Error Recovery Skill
Core Principle: Classify before retry.
When to Invoke
- Network timeout or connection failure
- API rate limit exceeded
- Intermittent test failure
- External service unavailable
- Resource temporarily locked
- Any transient error condition
Error Classification
First, classify the error type:
| Type | Description | Default Action | |------|-------------|----------------| | Transient | Temporary, likely to resolve | Retry with backoff | | Permanent | Won't resolve on retry | Fail immediately | | Degradable | Can proceed without | Graceful degradation | | Unknown | Can't classify | Limited retry, then escalate |
Transient Errors
- Network timeout
- Connection reset
- 429 Too Many Requests
- 503 Service Unavailable
- 504 Gateway Timeout
- Lock contention
- Temporary file access
Permanent Errors
- 400 Bad Request (invalid input)
- 401 Unauthorized (wrong credentials)
- 403 Forbidden (permission denied)
- 404 Not Found (resource doesn't exist)
- Syntax error in code
- Invalid configuration
Degradable Errors
- Optional dependency unavailable
- Non-critical API failure
- Caching service down
- Logging service failure
Retry Strategies
Strategy: Immediate Retry
For: Quick transient errors (network glitch)
Attempts: 1
Delay: 0
Strategy: Linear Backoff
For: Rate limits with known cooldown
Attempts: 3
Delays: 1s, 2s, 3s
Strategy: Exponential Backoff
For: Unknown transient errors
Attempts: 4
Delays: 1s, 2s, 4s, 8s
Max delay: 30s
Strategy: Exponential with Jitter
For: Multiple concurrent requests
Attempts: 4
Delays: random(0.5x, 1.5x) * base
Base: 1s, 2s, 4s, 8s
Recovery Protocol
Step 1: Classify Error
1. Read full error message
2. Check error code/type
3. Classify as: transient | permanent | degradable | unknown
4. If permanent → fail immediately
5. If degradable → attempt graceful degradation
6. If transient/unknown → proceed to retry
Step 2: Select Strategy
Rate limit (429) → Linear backoff
Network error → Exponential backoff
API error 5xx → Exponential with jitter
Unknown → Exponential with max 3 attempts
Step 3: Execute Retry
for attempt in 1..max_attempts:
try:
execute_task()
return success
catch error:
if is_permanent(error):
return fail
wait(delay_for_attempt)
return fail_with_all_attempts_exhausted
Step 4: Handle Final Failure
After max attempts exhausted:
1. Log complete error history
2. Determine if degradable
3. If degradable → proceed without
4. If not → escalate to user
Graceful Degradation
When non-critical components fail:
| Component | Degradation Strategy | |-----------|---------------------| | Caching | Proceed without cache | | Logging | Log locally, continue | | Analytics | Skip, don't block | | Optional API | Use fallback/default | | Non-critical validation | Warn, continue |
Degradation Template
degradation:
failed_component: "[What failed]"
impact: |
[What functionality is affected]
fallback_used: |
[What alternative was used]
warning_to_user: |
[What user should know]
Output Template
error_recovery:
timestamp: [ISO 8601]
original_task: |
[Task that failed]
error:
type: [transient | permanent | degradable | unknown]
message: |
[Error message]
code: [error code if any]
source: [where error occurred]
classification_reasoning: |
[Why you classified this way]
strategy:
name: [immediate | linear | exponential | exponential_jitter]
max_attempts: [number]
delays: [list of delays]
attempts:
- attempt: 1
timestamp: [ISO 8601]
result: fail
error: "[error message]"
- attempt: 2
timestamp: [ISO 8601]
result: success | fail
error: "[error message if failed]"
outcome: [recovered | degraded | failed | escalated]

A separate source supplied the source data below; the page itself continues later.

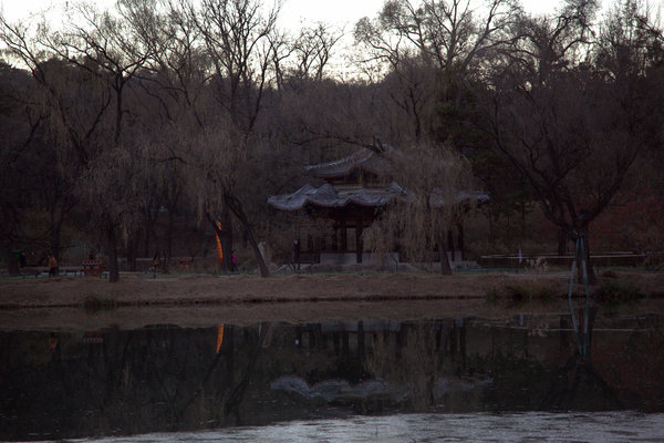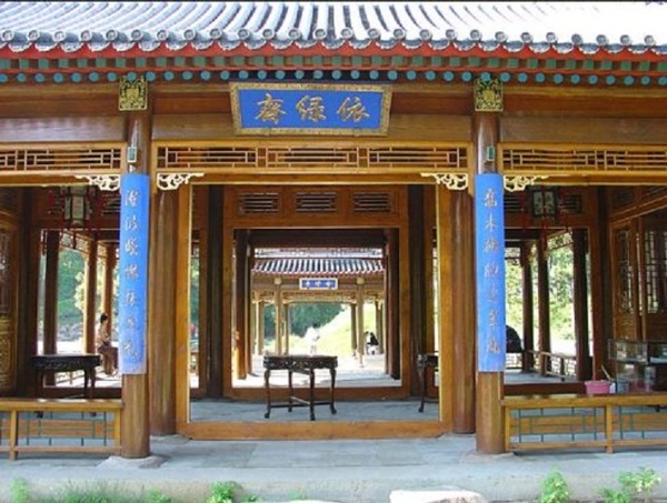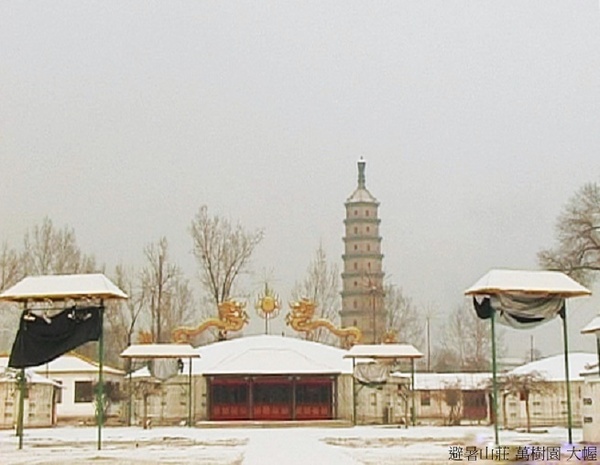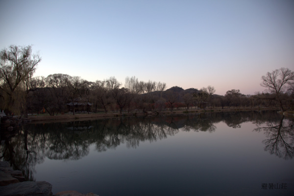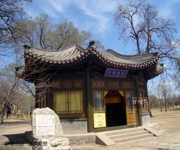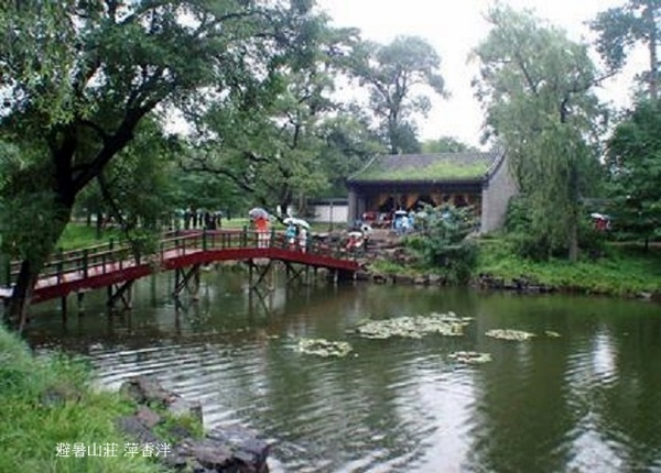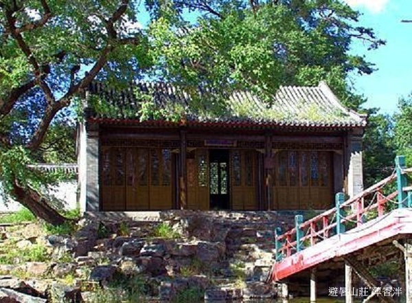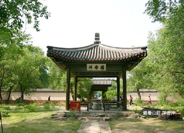 位於避暑山莊熱河泉東船塢的西邊,建於乾隆四十二年一四十七年(1703~1708年),為一組庭院建築,南有面水殿三楹,額為“萍香泮”,為乾隆三十六景之第十九景.此處前俯泉水,水上架木為橋,水中冬有碧藻.夏有青萍.清帝常於此處觀賞青萍,微風乍起,萍香襲人,湖中荷花與岸柳鳥鳴更是鳥語花香,恐是江南也難以尋覓的佳景.乾隆曾在詩中寫道:香風搖盪綠波涵,花正芳時伏數三. 詞名關山月休怨,來看塞北有江南.
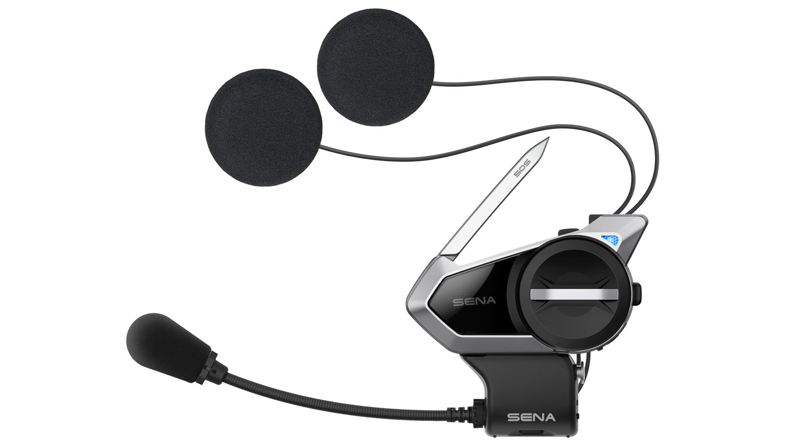 Das Sena 50S verfügt über einen großen Drehknopf, Jog-Dial genannt, der die Bedienung mit dicken Handschuhen erlaubt. Der Hersteller legt Wert darauf, dass die 40-Millimeter-Lautsprecher bei seinem Top-Gerät einen klaren und kraftvollen Sound liefern. Per Sprachsteuerung kann auf die Funktionen des Smartphones zugegriffen werden und über die 50-Utility-App können alle Einstellungen am 50S vorgenommen werden.
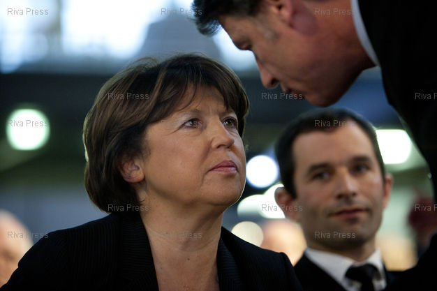 Légende : 11/12/2010 - PARIS, France - Martine Aubry et Vincent Peillon participent à la convention nationale du Parti Socialiste pour l'égalité réelle (intitulée "Egalité = réelle") à la halle Freyssinet dans le 13ème arrondissement.
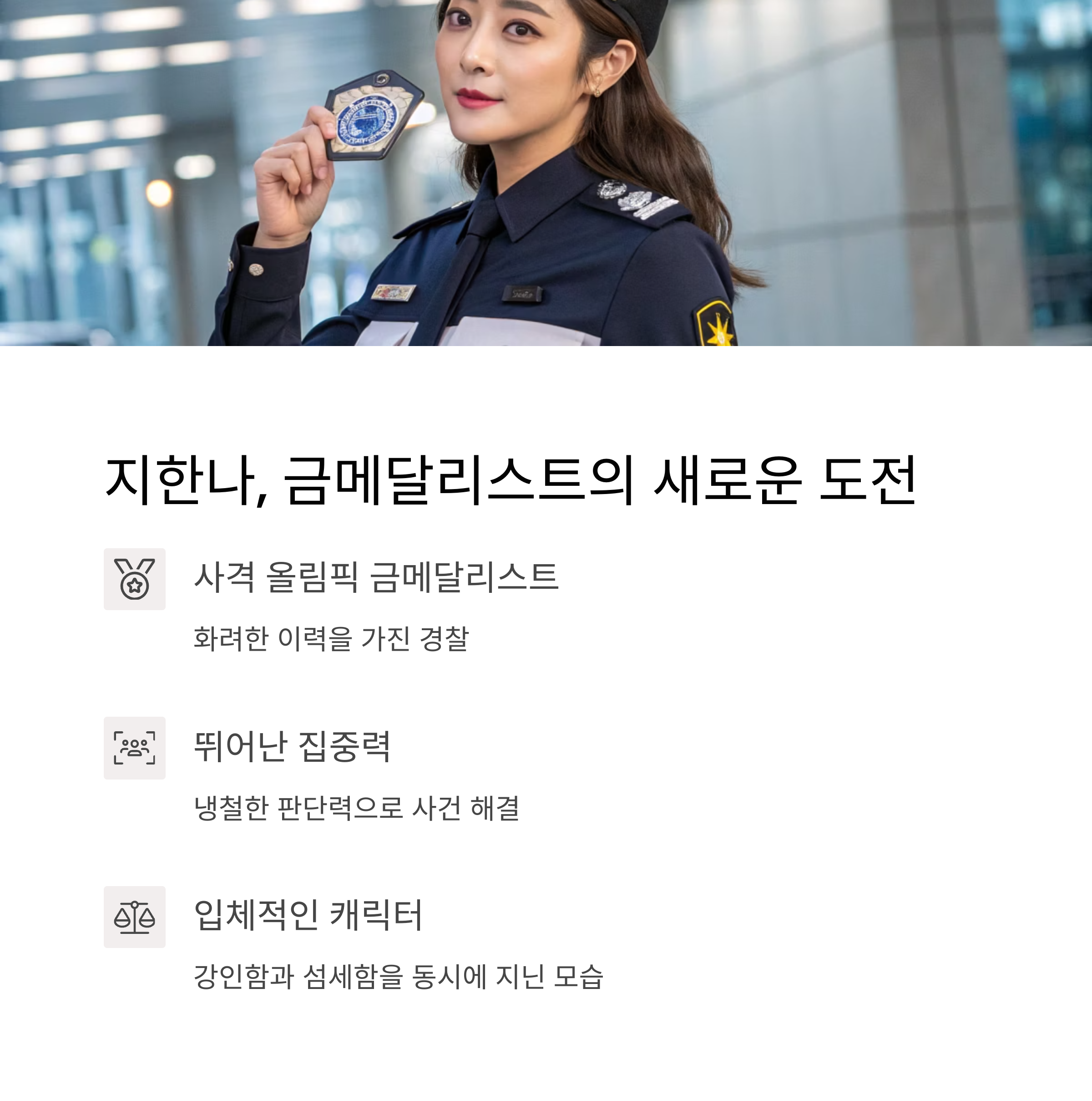 A: (지한나) "과녁을 맞히는 것보다 더 중요한 목표가 생겼기 때문입니다. 흔들리지 않는 정확함으로 사회의 불의를 겨누고 싶습니다. 그것이 제가 경찰 제복을 입은 이유입니다."
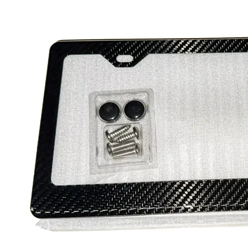 #HighQuality: Highlight the superior craftsmanship and durability of the carbon fiber license plate frame.
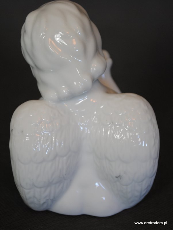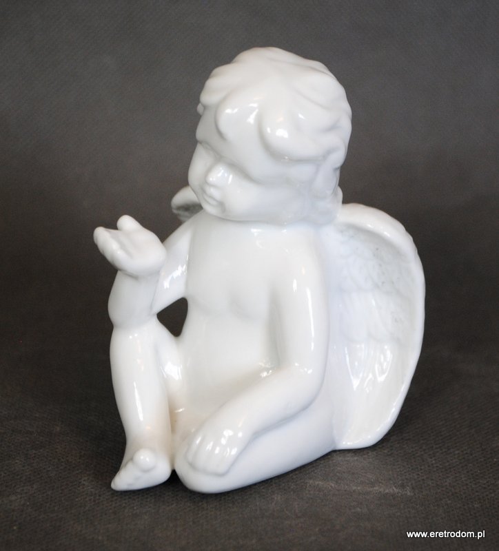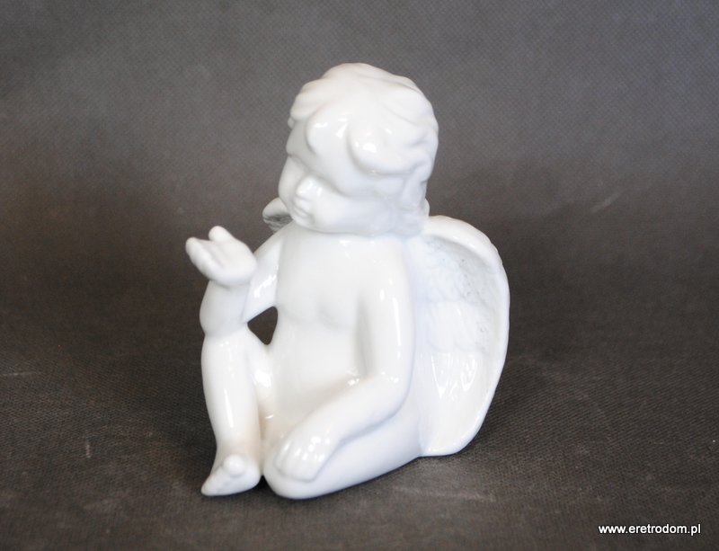 Figurka przedstawiająca aniołka. Biała porcelana, szkliwiona.
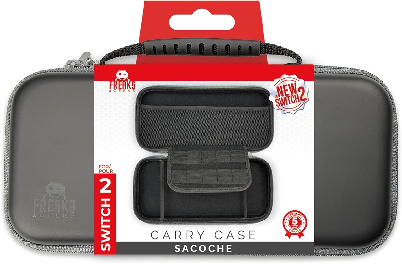 Această husă de transport neagră de la Freaks & Geeks va fi apreciată de toți jucătorii care doresc să aibă, în timpul călătoriilor, siguranța că consola lor de jocuri Nintendo Switch 2 va fi, împreună cu accesoriile, în deplină siguranță.
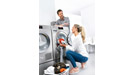 Bewährte Programmpakete wie „Heimtextilien“ (abgestimmt auf Bettwaren und Gardinen), „Sportwäsche“ oder „Outdoor“, Spezialprogramme für Oberhemden, Jeans und dunkle Wäsche sowie die neue Funktion „Vorbügeln“ sind in der Steuerung hinterlegt. Für zügige Arbeitsabläufe im Alltag sorgt eine Tür, die sich besonders einfach öffnen lässt, ohne dass eine separate Taste zur Entriegelung gedrückt werden muss. Der Trockner überzeugt durch einfachste Filterreinigung. Ebenfalls praktisch: Die sensorgesteuerte Füllstandsanzeige für Waschmittel.
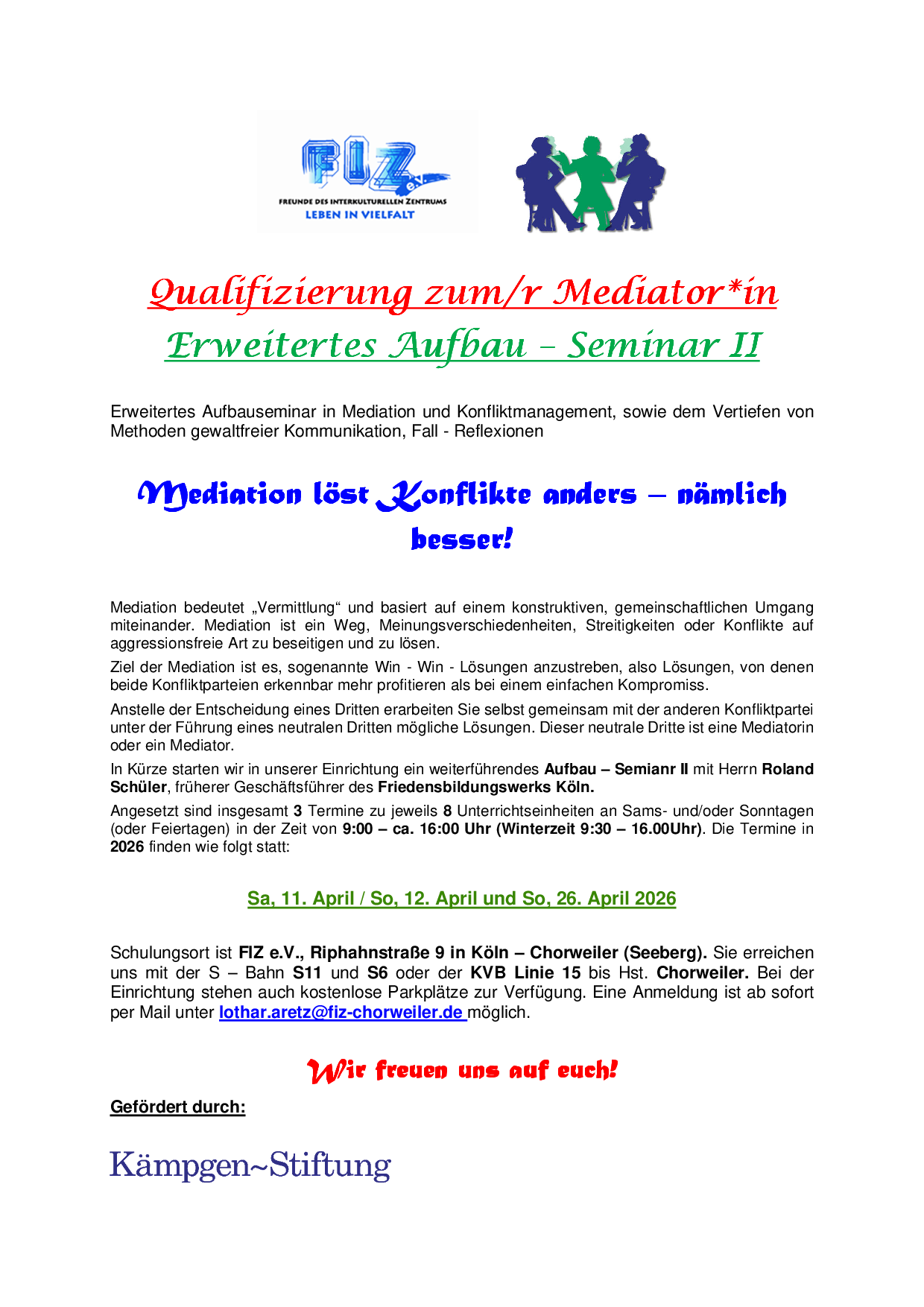 Seit 2016 findet bei FIZ e.V. jährlich ein Qualifizierungsseminar zur Mediatorin/ zum Mediator statt. Als Dozenten konnten wir von Beginn an Roland Schüler gewinnen, langjähriger Geschäftsführer des Friedensbildungswerks Köln e.V..
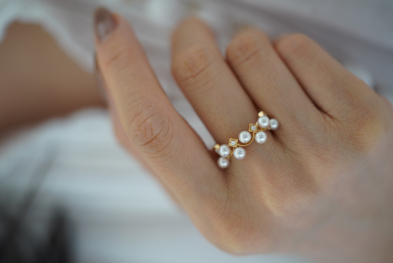 Akoya多珠戒指天花板彩凛珠&白月光 配18K钻石花环款4699🉐️
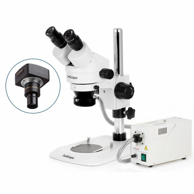 AmScope, SM-1BNZZ-FOR-M, SM-1 Series Zoom Binocular Stereo Microscope, 3.5X-180X Magnification with 150W Halogen Ring Light and 1.3MP, USB 2.0 C-Mount Camera on Compact Pillar Stand
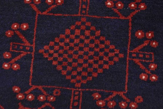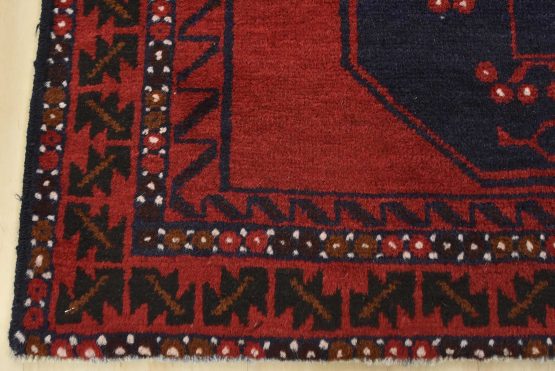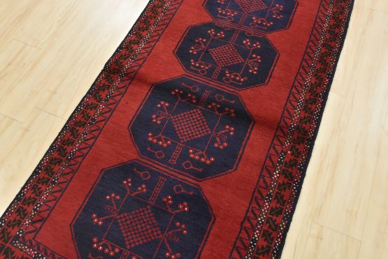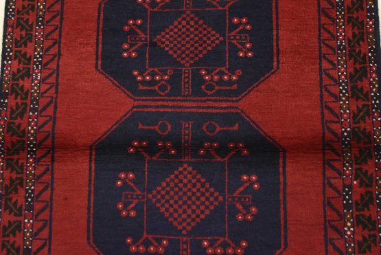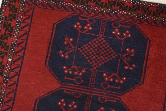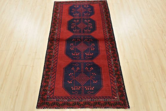 An authentic vintage tribal Baloch rug hand-knotted with fine wool and natural dyes. This nomadic oriental rug features a row of geometric medallions set against a red background. It has a full wool pile with no worn areas and is in very good condition.

degradation: # if applicable
fallback_used: |
[What fallback was used]
functionality_lost: |
[What's not available]
next_action: |
[What to do next]
confidence: 0.0
evidence:
- "[Error logs examined]"
Rules
[!CRITICAL] ALWAYS classify before retry. NEVER retry permanent errors. ALWAYS cap retry attempts.
Do
- Log all retry attempts
- Use appropriate backoff for error type
- Consider graceful degradation
- Escalate after max attempts
Don't
- Retry indefinitely
- Retry permanent errors
- Ignore error messages
- Lose error context on retry
User Escalation
When to escalate to user:
1. Max retry attempts exhausted
2. Permanent error encountered
3. Unknown error can't be classified
4. Degradation unacceptable for task
Escalation Template
Error encountered: [type]
What happened:
[Description]
What I tried:
- Attempt 1: [result]
- Attempt 2: [result]
Options:
a) Retry with different approach
b) Skip this task, continue others
c) Abort entire operation
d) Provide alternative input
Integration with Other Skills
| After Recovery | Invoke |
|----------------|--------|
| Root cause unclear | → systematic-debugging skill |
| Task recovered | → Continue with orchestration |
| Need to abort | → finishing skill |
Chaining Rules
- IF recovered THEN continue normal flow
- IF 3+ tasks fail same error THEN invoke
systematic-debugging - IF user chooses abort THEN invoke
finishingskill - ALWAYS log recovery attempts in deviation log
Deviation Logging
Log all recovery attempts:
- id: [auto]
timestamp: [now]
expected: "Task completes successfully"
actual: "Error: [type] - [message]"
root_cause: transient_error | external_service | rate_limit | network
recovery_attempted: true
recovery_outcome: [recovered | degraded | failed]
fix: |
[If pattern emerges, note prevention strategy]
Example
Task fails with rate limit error:
error_recovery:
timestamp: "2024-01-15T10:30:00Z"
original_task: |
Fetch user data from external API
error:
type: transient
message: |
HTTP 429: Too Many Requests
Rate limit exceeded. Retry after 60 seconds.
code: 429
source: external_api.fetch_user()
classification_reasoning: |
429 is explicitly a rate limit error. The response includes
a Retry-After header of 60 seconds. This is transient.
strategy:
name: linear
max_attempts: 3
delays: [60s, 60s, 60s]
attempts:
- attempt: 1
timestamp: "2024-01-15T10:30:00Z"
result: fail
error: "429 Too Many Requests"
- attempt: 2
timestamp: "2024-01-15T10:31:00Z"
result: success
error: null
outcome: recovered
next_action: |
Continue with original task flow
confidence: 1.0
evidence:
- "HTTP response code 429"
- "Retry-After: 60 header present"
- "Second attempt succeeded after waiting"